Many companies ask their employees to change their company passwords on a regular basis, as the flow of workers through an office can increase the chances of unauthorized access to sensitive corporate and employee information. Remote access to company databases also increases security risk, so changing passwords after sessions on outside devices reduces the chance that an outsider can gain (and keep) access to corporate information.

Cons – Why changing your password frequently is risky

Frequent changes make it more difficult to remember strong passwords (Make sure you know how to build a strong password!). If you set yourself up to change 15-20 passwords every month, you’ll probably start to cut corners by repeating passwords across multiple accounts or using simple, easy-to-recall words or phrases. Compromising your account security with poor password practices is much riskier than keeping the same strong passwords for a longer period of time. A Microsoft study also found that password changes accounted for billions in lost productivity among workers!

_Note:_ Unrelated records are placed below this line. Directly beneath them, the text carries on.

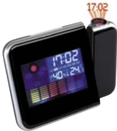
Artikel: T-213 - Projektionsuhr „Color“

Projektionsuhr „Colour“: mit roter LED-Projektion, Wetterprognose, Alarmfunktion, Datums- und Zeitanzeige, Hygro- und Thermometer (für °C und °F), beleuchtete LCD-Anzeige - schwarzes Display mit bunten Elementen, ausklappbarer Aufsteller auf der Rückseite, mit Anschlussmöglichkeit für Adapter (Adapter exkl.)
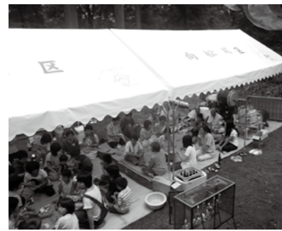
むかいまつかわ 向松川区 (守門地域) 太鼓やテント、集会所のテレビ等を整備しました。
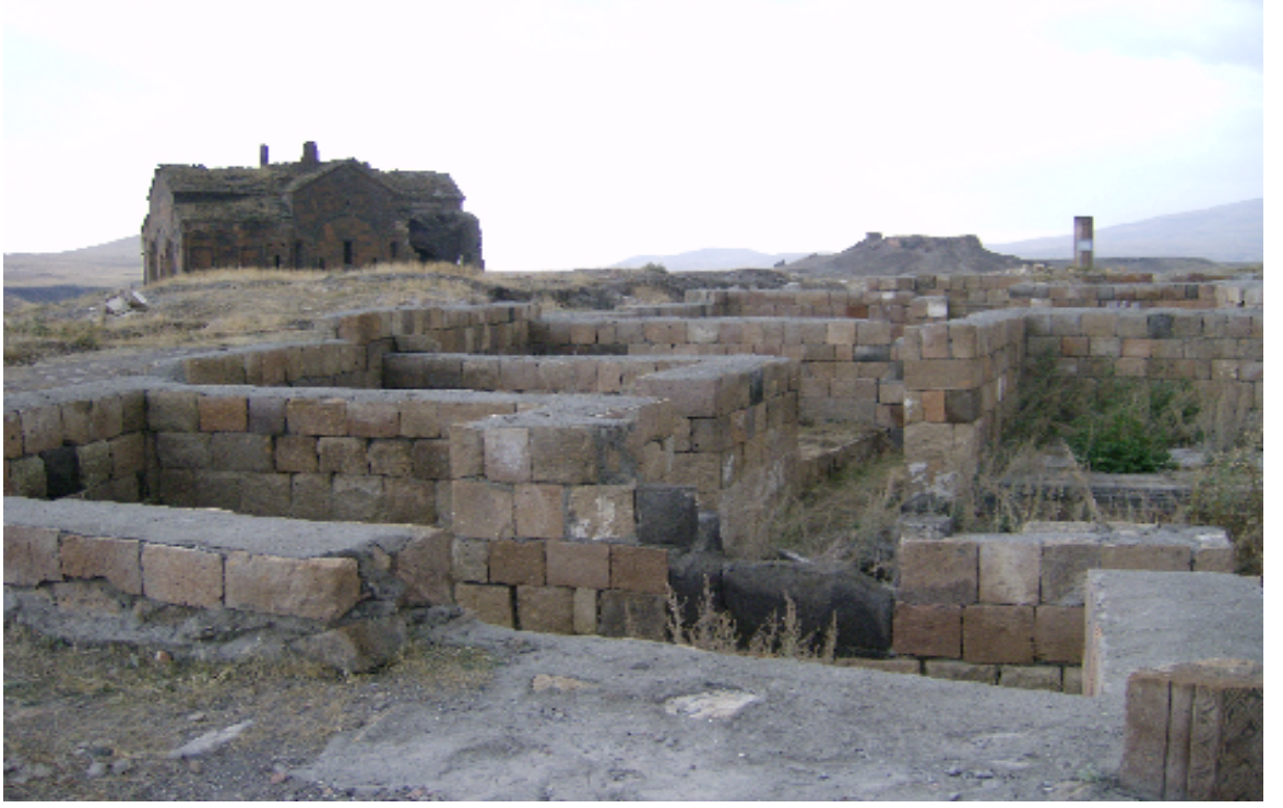
Resim 21: XII. Yüzyılda Ani'de Yapılan Konutlardan Birinin Üstten Görünümü
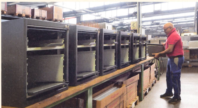
1 In produzione vige un triplice controllo della qualità: al termine di ciascuna fase di produzione, al montaggio del singolo pezzo finito e al momento della spedizione.

La filosofia: l'azienda avverte l'esigenza di investire sui processi di progettazione e produzione, sulla qualità dei materiali utilizzati e sul capitale umano. Queste scelte permettono oggi di raggiungere e consolidare elevati standard di qualità e di disporre di un personale altamente qualificato e affidabile.

If a cyber criminal gains access to your account, two things will most likely happen. First, the attacker will change your password to lock you out of the account. Next, they will do their damage right away in order to gain their profit quickly, and with less risk of being caught. The probability is lower that someone would commit such a crime and remain at the scene for a long period of time. In fact, this type of behavior would be most likely if the person accessing the account knows you personally and has motive to “just” snoop – an instance, as you’ll see in a minute, where you should in fact change your password. Click here for some suggestions from Microsoft on what to do if your account has been hacked.

The bottom line…

If your password is unique, strong and is not compromised, there is no benefit in swapping it out for a new one. You can check the strength of your password here.

Regular password changes can cause more harm than good due to the limits of our human capacity to create and remember the long list of passwords that we need to use on a regular basis. Cutting corners with weak password practices puts your accounts at greater risk because they are easier for hackers to crack. And it is just as dangerous to keep detailed written lists of usernames and passwords on paper or in easy-to-access files that can be physically stolen.

This is why password managers were developed – to keep accounts properly secure, while helping us manage and remember the passwords we need. For example, Lastpass creates a strong, unique password for each of your accounts, and then securely conceals and encodes the data (instead of storing it – which would be as bad as keeping a written list in your notebook!). All you need to do is remember one password – your Master Password – so you can be confident that your accounts are safe.

Here is where to proceed with caution about changing your password. You should change your password if:

  • You have not verified that your Master Password is strong and unique enough to protect your account (test your password here);
  • You have shared your Master Password with someone you no longer trust; or
  • You have been generally careless with leaving your Master Password accessible to others unsupervised.